Trieste: Ursus a rischio, i fondi non bastano

La Guardia costiera ausiliaria lancia l’allarme: i 150 mila euro della Regione insufficienti per attuare il restauro dello scafo

È a rischio il futuro dell’Ursus. La minaccia viene dall’esiguità dei finanziamenti che avrebbero dovuto consentire il completo ripristino dello scafo varato al Cantiere San Marco cent’anni fa, alla fine di gennaio del 1914. O si trovano nuovi fondi o la stessa sopravvivenza di quella che fu la più potente gru galleggiante del Mediterraneo è in forse. Lo dice con preoccupazione Fabrizio Pertot, presidente della Guardia Costiera ausiliaria, l’associazione proprietaria di uno dei simboli della città e della sua tradizione cantieristica e portuale. Ecco la situazione. «I 150 mila euro che la Regione ha destinato alla ristrutturazione dello scafo dell’Ursus non sono sufficienti a pagare i lavori. O riusciamo a trovare ulteriori finanziamenti o saremo costretti a rinunciare a questi 150 mila euro di denaro pubblico già stanziato. Non possiamo più attendere».

Il pontone gru avrebbe dovuto entrare nel bacino numero 3 del San Marco qualche settimana fa per essere sottoposto a secco a una serie di lavori, i principali dei quali riguardavano lo scafo. Ne aveva dato l’annuncio la stessa Guardia Costiera ausiliaria. Invece l’Ursus continua a essere stancamente ormeggiato a una banchina del Porto Vecchio perché i “conti” non tornano. I 150 mila euro non bastano: ne servono almeno altri 35-40 mila. «La Regione ci ha finanziato ma la somma stanziata verrà erogata nel corso di dieci anni. Dunque - spiega Fabrizio Pertot - dovremo farci carico degli interessi passivi che maturano di anno in anno e che le banche ovviamente ci chiedono per erogare il mutuo necessario ad avviare i lavori di ristrutturazione. Ma non basta. Sul costo di questi lavori grava anche l’Iva, un ulteriore salasso del 22 per cento sulla spesa totale. Ecco perché siamo in difficoltà e cerchiamo di uscire da questa impasse...»

Sull’Ursus e sulle sue potenzialità attrattive a livello nazionale si è concentrato di recente un duplice interesse. Si sono fatti avanti gli organizzatori del Giro d’Italia che vorrebbero usare la gru galleggiante ormeggiata davanti a piazza dell’Unità come piattaforma pubblicitaria per le premiazioni e per altri incontri collegati all’ultima tappa. Il Giro si concluderà il primo giugno: dunque i tempi per avviare la ristrutturazione dello scafo sono stretti, strettissimi. I giorni di lavoro previsti in cantiere vanno dei 15 ai 20.

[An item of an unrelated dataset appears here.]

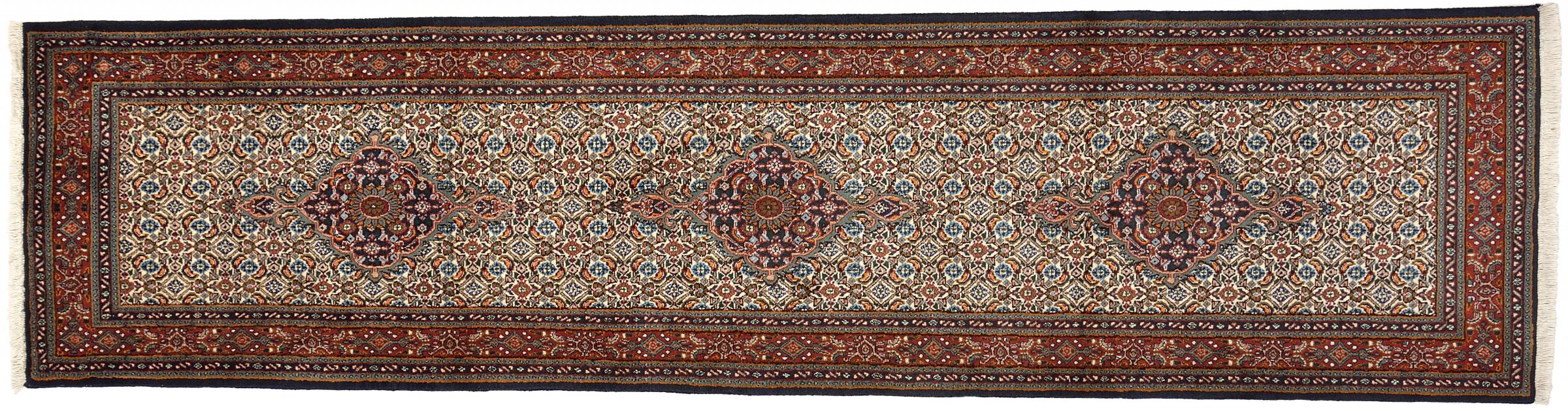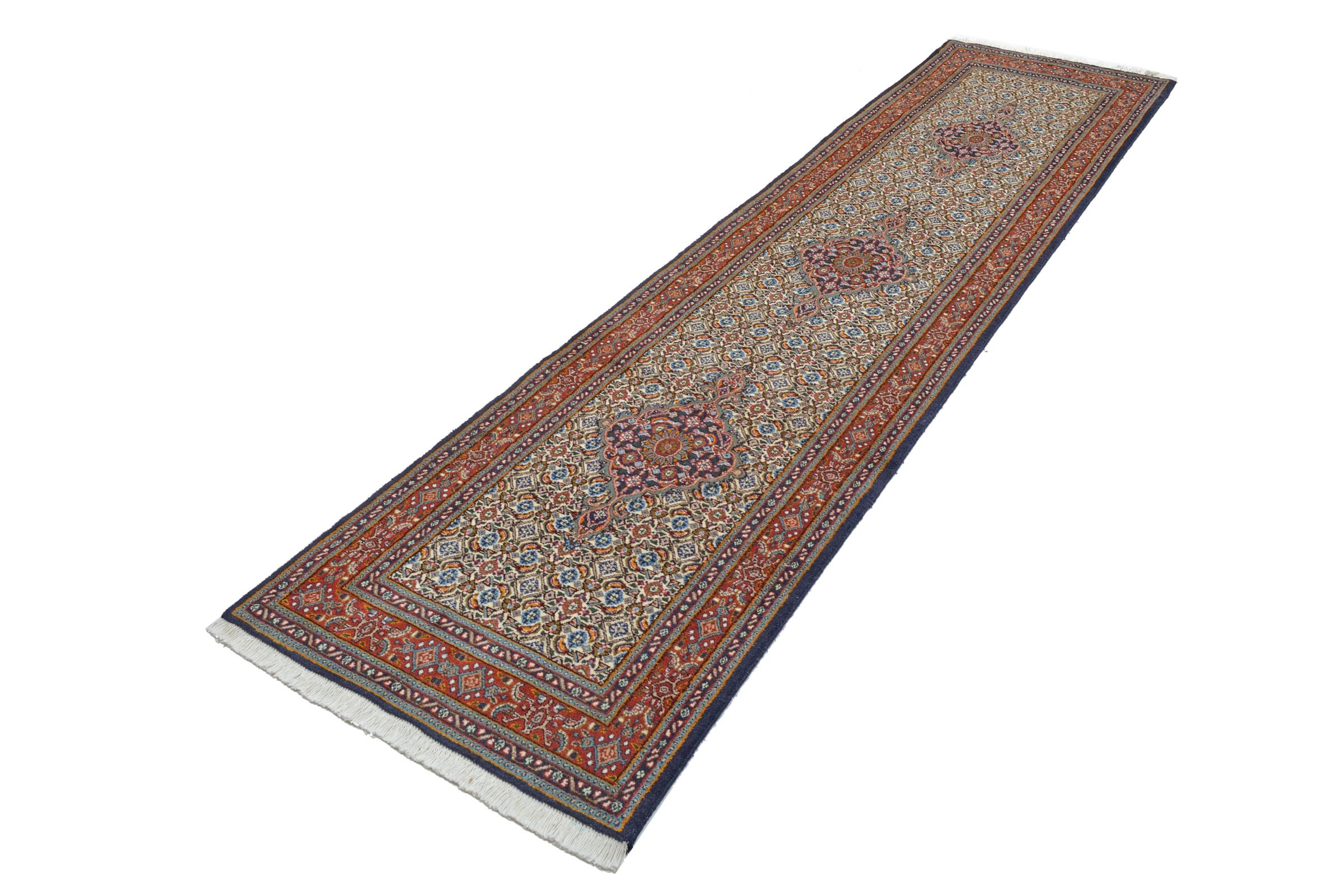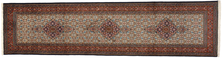 Αυτό το χαλί από το Moud, μια πόλη 300 χλμ νότια του Mashhad, είναι εντυπωσιακό με την πρώτη ματιά. Το τυπικό σχέδιο Herati ή ο σχεδιασμός του κήπου εκτιμάται από τους γνώστες και τους λάτρεις των πραγματικών περσικών χαλιών. Αν ψάχνετε για ένα χειροποίητο χαλί εξαιρετικής ποιότητας με πολύ μοναδικό και ξεχωριστό σχέδιο, αυτός ο τύπος χαλιού είναι απολύτως κατάλληλος για εσάς.

La seconda manifestazione di interesse per l’Ursus è stata avanzata da Mitja Gialuz, presidente della Società velica di Barcola e Grignano. Con il suo direttivo – ma anche con quello della Guardia Costiera Ausiliaria - Mitja Gialuz sta mettendo a fuoco una serie di progetti per fare della centenaria gru uno dei punti di attrazione della regata che viene disputata la seconda domenica di ottobre. Sia per i concorrenti, sia per il pubblico e gli sponsor. In questo caso i tempi di definizione del progetto sono più rilassati ma nemmeno tanto. Certo è che il ripristino totale dei doppifondi dello scafo è indispensabile per avviare ogni iniziativa. Oggi le lamiere mostrano i segni della “fuga” del 2 marzo 2011, quando il pontone strappò le cime vecchie a lungo straziate dalle raffiche di bora che soffiava a 170 chilometri l’ora. Lasciò senza nessuno a bordo la testata del molo quarto, toccando leggermente la banchina. Una “ferita” che i tre anni d’attesa hanno cronicizzato.

Va aggiunto che i vertici di Fincantieri, così come quelli della Cartubi, hanno “limato” i costi dell’intervento all’interno del bacino 3, riconoscendo implicitamente al rifacimento della carena e dei doppifondi una valenza storica e di archeologia industriale. Per arrivare al San Marco dall’attuale ormeggio del Porto Vecchio sarà necessario l’intervento di almeno un rimorchiatore della Tripmare. Ma anche in questo caso la disponibilità della società non mancherà. Lo dimostra proprio l’intervento che nel marzo 2011 salvò il pontone che andava alla deriva spinto dalle raffiche di bora. I costi di quel salvataggio sono stati ridotti all’osso e ne è stato autorizzato il pagamento a rate, peraltro ancora in corso.